TASK INSTRUCTIONS: Reproduce the records below exactly, leaving their images out.

----------

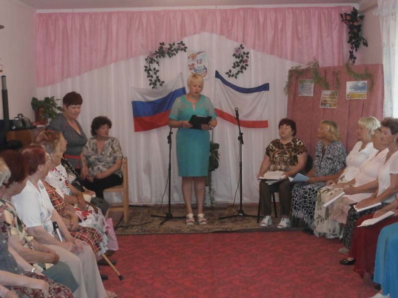 Ведущая мероприятия Раиса Галимская поздравила получателей социальных услуг с Днем России, рассказала историю праздника, а также отметила, что с 2002 года 12 июня отмечают под современным названием - День России.
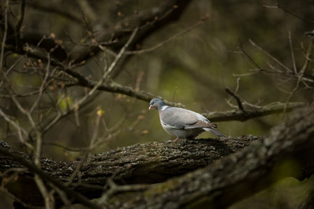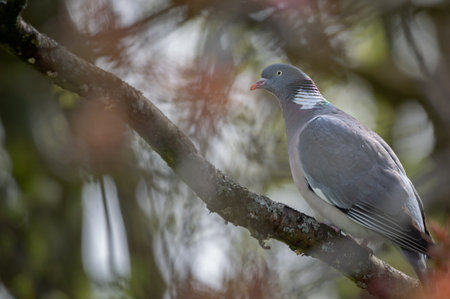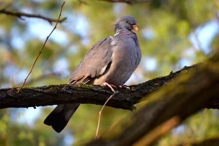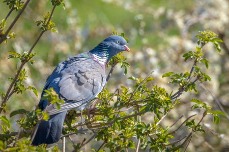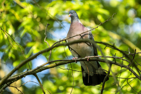 Close-up of a wood pigeon, columba palumbus, perched in a tree during spring season
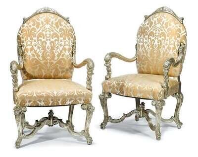 Pair of Italian Rococo style silvered armchairs
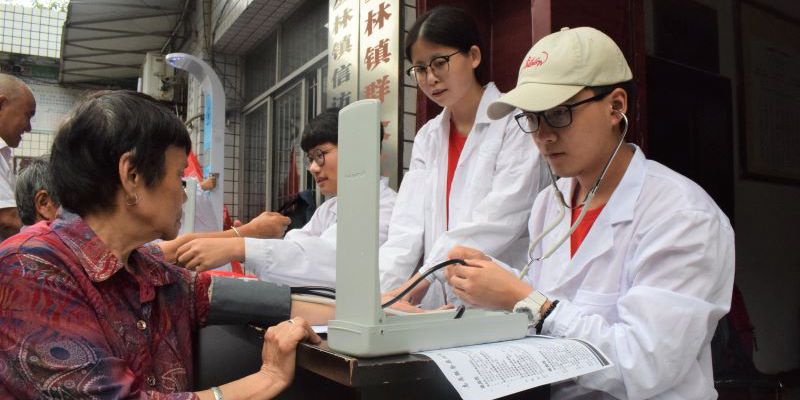 现代农业与生物工程学院志愿者们走进重庆市万盛区丛林镇,为当地老人免费测量血压。在认真询问、测量、听测、记录后,志愿者根据大部分老人有血压偏高现象提出建议,通过传单和口述的方式普及膳食健康知识,让当地居民对血压有一定了解。期间,志愿者也采用现场问卷抽样调查的方式进一步了解万盛区丛林镇居民的饮食生活情况。
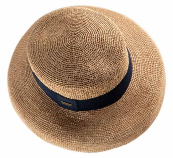 Het lichte raffia geeft een natuurlijke, soepele en heldere uitstraling, bijzonder aangenaam om te dragen, zelfs wanneer de hitte toeneemt. De contrasterende band voegt die typische Riviera-touch toe en geeft het geheel een stijlvolle structuur.
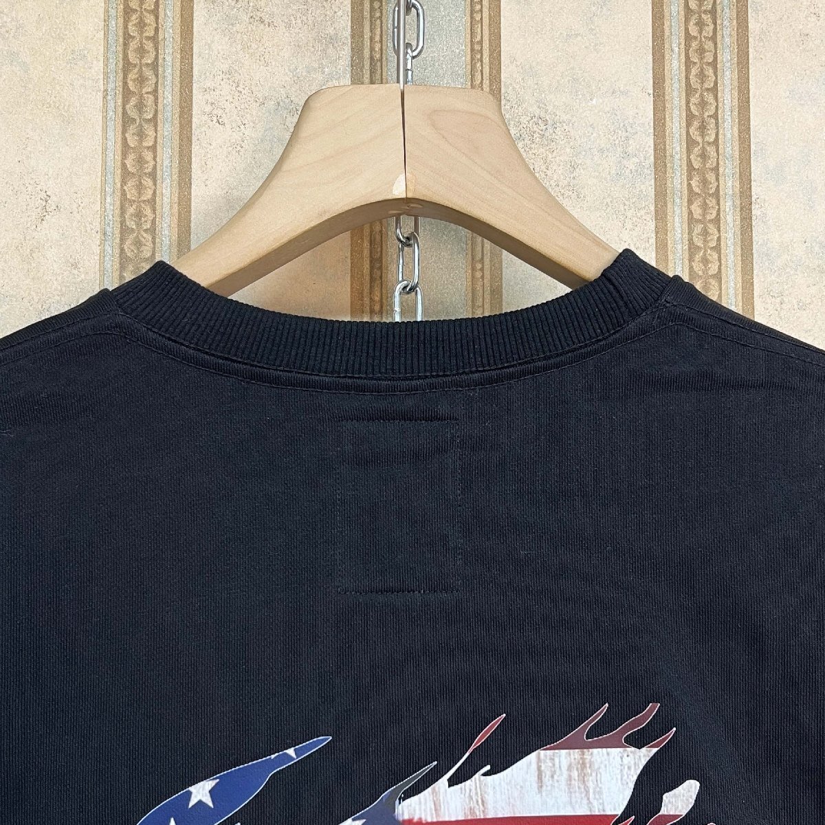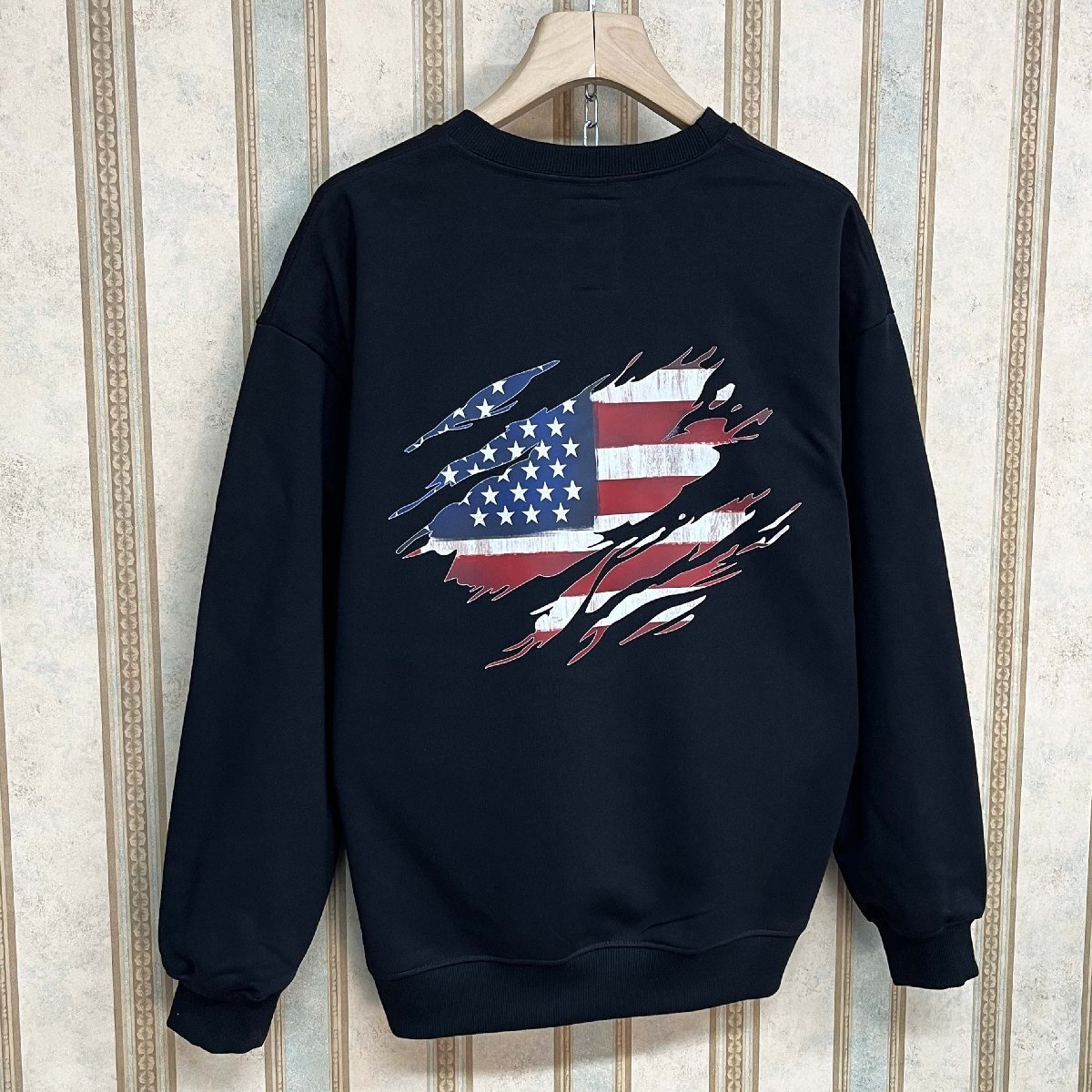 フロントはシンプルで清潔感のある無地デザイン。クラシックなルーズフィットシルエットは体型を選ばず、ゆったりとした着心地で動きやすさも抜群です。背中のユニークなアメリカ国旗プリントが視線を集め、インパクト抜群!

----------

SOLUTION FOR THIS PROBLEM:
 Ведущая мероприятия Раиса Галимская поздравила получателей социальных услуг с Днем России, рассказала историю праздника, а также отметила, что с 2002 года 12 июня отмечают под современным названием - День России.
 Close-up of a wood pigeon, columba palumbus, perched in a tree during spring season
 Pair of Italian Rococo style silvered armchairs
 现代农业与生物工程学院志愿者们走进重庆市万盛区丛林镇,为当地老人免费测量血压。在认真询问、测量、听测、记录后,志愿者根据大部分老人有血压偏高现象提出建议,通过传单和口述的方式普及膳食健康知识,让当地居民对血压有一定了解。期间,志愿者也采用现场问卷抽样调查的方式进一步了解万盛区丛林镇居民的饮食生活情况。
 Het lichte raffia geeft een natuurlijke, soepele en heldere uitstraling, bijzonder aangenaam om te dragen, zelfs wanneer de hitte toeneemt. De contrasterende band voegt die typische Riviera-touch toe en geeft het geheel een stijlvolle structuur.
 フロントはシンプルで清潔感のある無地デザイン。クラシックなルーズフィットシルエットは体型を選ばず、ゆったりとした着心地で動きやすさも抜群です。背中のユニークなアメリカ国旗プリントが視線を集め、インパクト抜群!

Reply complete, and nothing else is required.